Среди советских искусствоведов была популярна обмирщенная трактовка рублевской «Троицы». Наглядным примером церковного догмата (Единого в трех Лицах Божества) Рублев-де призывал русских князей к примирению, прекращению междоусобной вражды, уже не один век губившей Русь. Такая интерпретация, разумеется, выхолащивала богословское содержание образа, делала икону всего-навсего плоской иллюстрацией догмата с моральным подтекстом. Этаким политическим манифестом в духе «Князья всех земель, объединяйтесь!».
Однако невозможно и отрицать, что иконописное послание монаха Андрея князьям о единомыслии и преодолении «ненавистной розни» все же существовало. Розни, ненависти и страха на Руси в те годы было предостаточно, чему Рублев и сам был свидетелем. В 1410 г. нижегородский князь Данила послал в грабительский набег на бывшую столицу Руси Владимир отряд в три сотни татар и русских. (Тогда-то митрополиту Фотию и пришлось спасаться от татарской погони в лесах). Они дочиста ограбили и сожгли город, осквернили древнюю чудотворную Владимирскую икону Богоматери в Успенском соборе, ободрав с нее драгоценный оклад. Этот набег на Владимир, по художественному замыслу иначе датированный, воспроизведен в фильме А. Тарковского «Андрей Рублев».
Скорее всего, вскоре после этого погрома бывшей столицы Руси Андрей и написал для собора запасную Владимирскую икону. Образ, в котором мелодично звучат та же тема любви и жертвы, та же напевная молитвенность, чарует та же глубокая созерцательность, что и в «Троице». Он творил эту икону, когда еще не ушел из города пережитый ужас и слышалось эхо татарских сабель, а вокруг стояли обгорелые руины. Возможно, в душе Андрея в те самые дни рождалась царственная гармония «Троицы». «Совершенная любовь изгоняет страх», — говорит апостол Иоанн…

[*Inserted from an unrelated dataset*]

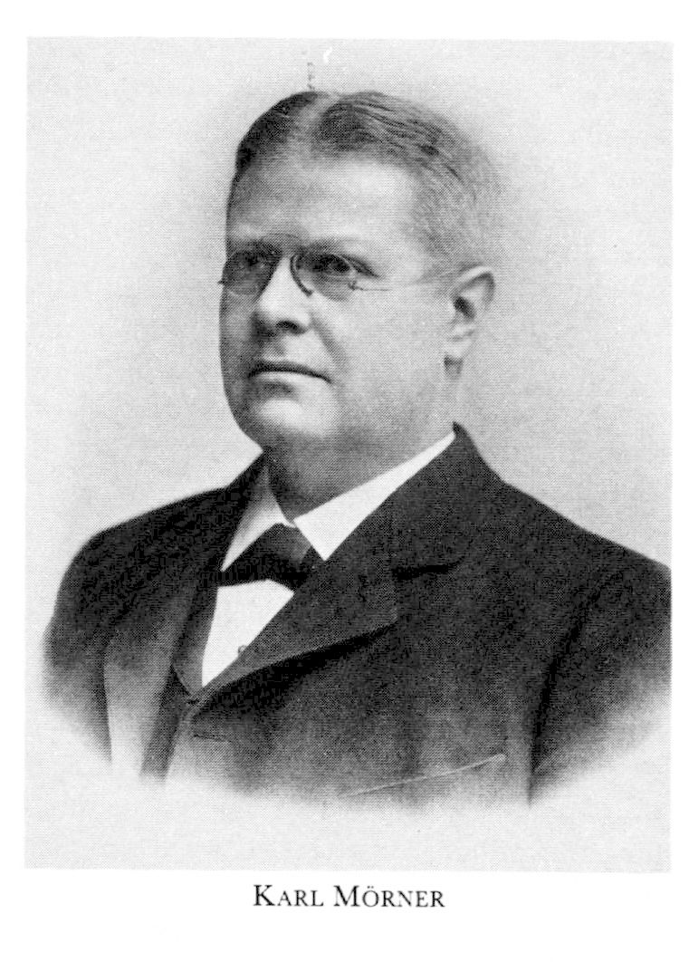 15 Mörner, Karl Axel Hampus, sonson till M 10, f 4 sept 1854 i Ljusnarsberg, Ör, d 30 mars 1917 i Sthlm, Kungsh. Föräldrar: bruksägaren, löjtn greve Hampus Stellan M o Maria Matilda Strokirk. Mogenhetsex vid Karolinska elementarlärov i Örebro 18 maj 72, inskr vid UU 16 sept 72, med fil ex 1 april 74, amanuens vid laboratoriet för med o fysiologisk kemi 4 sept 75–vt 76, MK 29 maj 80, tf prosektor vid anatom instit 1 okt (fullm 8 okt) 80vt 81, allt vid UU, eo laborator i med kemi vid KI 1 dec 831 okt 84, ML 1 okt 84, tf prof i kemi o farmaci 1 okt 84, disp 8 maj 86, allt vid Kl, MD vid UU 31 maj 86, prof i kemi o farmaci vid KI från 11 juni 86, rektor där från 1 jan 98 (beslut 18 dec 97), ordf i med nobelkomm från 00, led av VA:s komm ang VA:s o Naturhist riksmuseets nybyggnader 0415, ordf där 1415, ordf i Sv läkarsällsk 0910, led av komm ang värnplikten o den akad undervisn oktdec 14. — LVA 98 (led av förvaltn:utsk från 00, preses 07-08, v preses från 09), LFS 00, LVS 08.

Но в те же годы зрела гораздо более опасная рознь. Москва за столетие с небольшим сумела возвыситься над прочим русскими землями как раз потому, что в роду московских князей не было вражды, политической грызни между братьями, дядьями и племянниками. Но теперь стремившаяся уже столетие к внутреннему миру и к собиранию Руси Москва сама оказалась лицом к лицу с опасностью междоусобия. А это — тень над всей Русью, только-только, после Куликова поля, почувствовавшей, что ее сила в единении.
Глубокая ссора, если не вражда двух старших братьев Дмитриевичей, Василия Московского и Юрия Звенигородского, длилась уже несколько лет, с тех пор как Василий объявил своим прямым наследником сына. Юрий тоже грезил московским столом и слышать не хотел о том, чтобы Москва в обход него досталась когда-нибудь племяннику. Книжные люди, духовенство, монахи, читавшие старые летописи, знавшие многовековую историю княжеских междоусобиц на Руси, понимали: вражда братьев в московском княжеском доме — очень серьезная угроза.
Эта тень накроет русские земли в 1425 г., когда умрет Василий I и на Москве вокняжится его сын Василий II. Юрий Звенигородский затеет войну с племянником, она продлится четверть века, ее продолжат сыновья Юрия. Эта самая долгая и самая последняя русская «замятня» вновь откроет дорогу на Русь татарам, отодвинет на много лет освобождение от ига, зальет землю кровью, покроет ее позором страшных преступлений. В начале 1410-х гг. Рублев не мог не слышать об этой пока еще негромкой вражде наследников Дмитрия Донского. Возможно, сердце молитвенника и аскета инока Андрея чувствовало будущую беду. Краски его «Троицы» буквально напоены молитвой к Богу о мире и вразумлении людей.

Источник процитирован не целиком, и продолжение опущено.